ARE CHILDREN WHOSE PARENTS HAD A HELICOBACTER INFECTION AT AN INCREASED RISK OF INFECTION?
Children, as a rule, become infected from their parents. If you have a family history of peptic ulcer disease or stomach cancer, then these people are also at high risk. However, it is important to emphasize that the tactics of treating helicobacter pylori infection for adults and children are radically different: in adults, the presence of H. pylori is the basis for the appointment of eradication therapy, while in children it is necessary to identify and treat infection only if there are absolute indications, erosive and ulcerative lesions of the stomach and duodenum. The intestinal microflora in children is extremely sensitive to the action of antibiotics, so eradication should be carried out only in situations where the benefits outweigh the risks. In addition, children have a high risk of re-infection.
CAN A HELICOBACTER INFECTION BE CURED WITH PROBIOTIC DRUGS?
H. pylori is very well adapted to the gastric mucosa, so a 14-day regimen of therapy with a proton pump inhibitor with two or three antibiotics remains the basis of treatment.

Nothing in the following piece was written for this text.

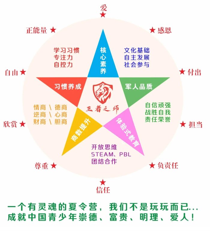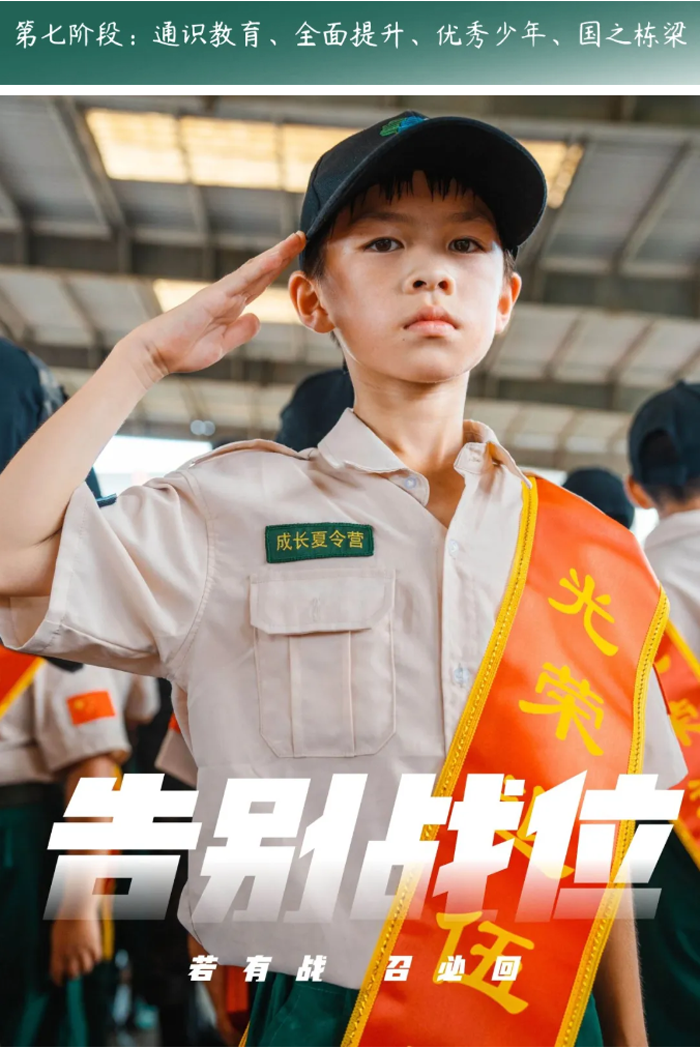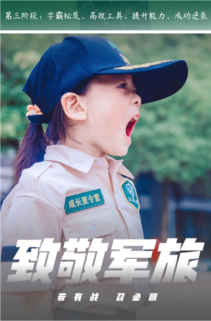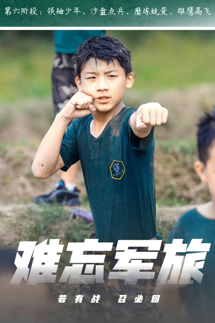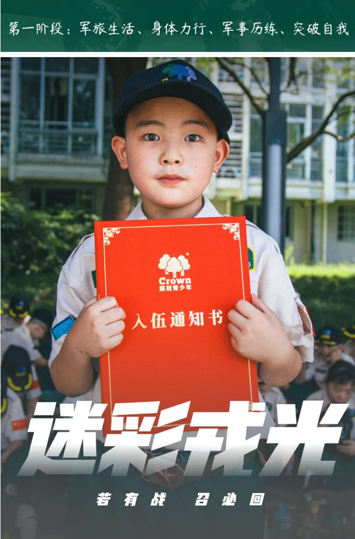阶段目标:新人入伍,逐步适应严肃紧张的军营生活,培养军事素养,掌握军事技能,学习当代军人的雷厉风行,让孩子们建立良好的时间观、纪律观、荣誉观,改变孩子懒散、拖延等各种不良习惯,规范行为习惯,加强自我管理能力。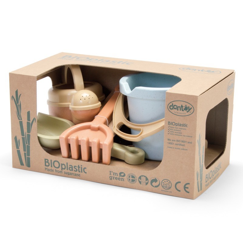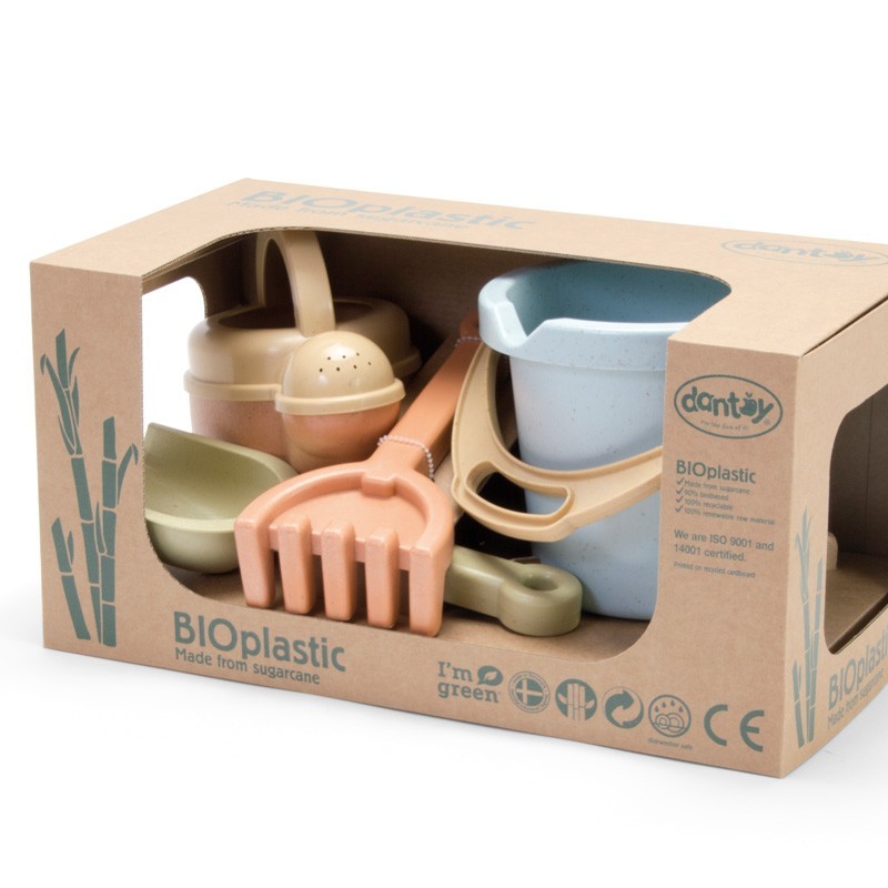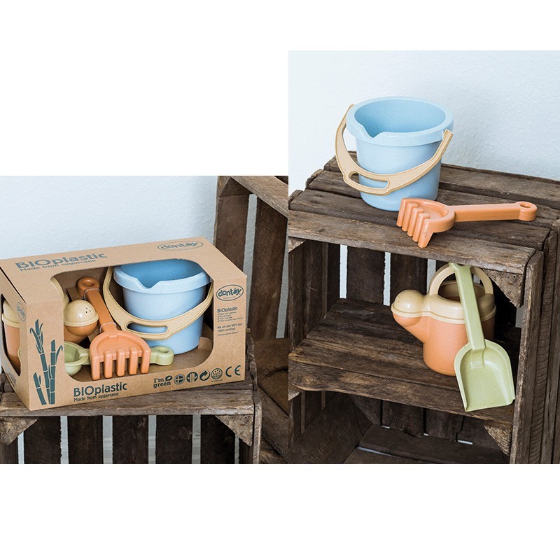 BIO set de arena y agua. 4 piezas. Cubo> pala> rastrillo y regadera. 90% de Biobase> 100% reciclable y 100% sostenible.

At the same time, undesirable phenomena often occur, the severity of which decreases with the use of certain strains of probiotics, which contributes to taking a full course of therapy and increasing its effectiveness.

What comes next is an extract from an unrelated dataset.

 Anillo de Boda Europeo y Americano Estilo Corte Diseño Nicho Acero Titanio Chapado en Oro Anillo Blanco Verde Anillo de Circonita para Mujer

Of course, alternative eradication schemes without antibiotics are being investigated. Recently, we completed a pilot study of gastrokur dietary supplements (active ingredients –dihydroquercetin and indole-3-carbinol) in combination with pantoprazole in patients with helicobacter infection without erosive and ulcerative lesions and severe symptoms. Out of 10 patients, 2 had complete eradication. For a drug of plant origin, 20% is a good result, because it means that every fifth patient will be able to recover without antibiotics. Such methods are promising as an alternative approach to eradication. They can be recommended to patients as primary treatment, and in case of ineffectiveness, antibiotic therapy can be prescribed.